■ Task
In the records below, find the line containing "Andrew Stuart Tanenbaum" and the line containing "産業課長 妙高市は、本町が目". Give again exactly those lines and every line between them, omitting the pictures.

■ Information
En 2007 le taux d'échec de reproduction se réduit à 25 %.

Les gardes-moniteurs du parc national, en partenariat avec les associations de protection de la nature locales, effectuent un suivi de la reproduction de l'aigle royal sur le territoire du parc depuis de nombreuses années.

* * *

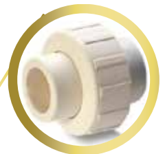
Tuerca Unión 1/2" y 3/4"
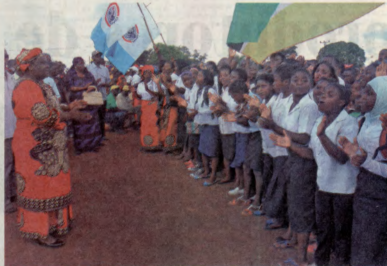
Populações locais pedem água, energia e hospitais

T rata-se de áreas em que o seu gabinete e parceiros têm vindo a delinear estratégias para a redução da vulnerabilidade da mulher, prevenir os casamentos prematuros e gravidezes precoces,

* * *

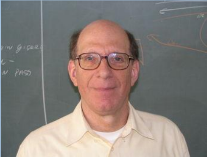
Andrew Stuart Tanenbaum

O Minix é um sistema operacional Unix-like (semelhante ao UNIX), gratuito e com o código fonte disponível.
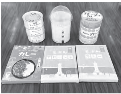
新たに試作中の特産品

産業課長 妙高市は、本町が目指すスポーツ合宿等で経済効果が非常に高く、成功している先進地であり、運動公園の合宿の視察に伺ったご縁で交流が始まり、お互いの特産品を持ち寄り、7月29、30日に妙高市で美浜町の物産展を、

■ Exercise output
Andrew Stuart Tanenbaum

O Minix é um sistema operacional Unix-like (semelhante ao UNIX), gratuito e com o código fonte disponível.
新たに試作中の特産品

産業課長 妙高市は、本町が目指すスポーツ合宿等で経済効果が非常に高く、成功している先進地であり、運動公園の合宿の視察に伺ったご縁で交流が始まり、お互いの特産品を持ち寄り、7月29、30日に妙高市で美浜町の物産展を、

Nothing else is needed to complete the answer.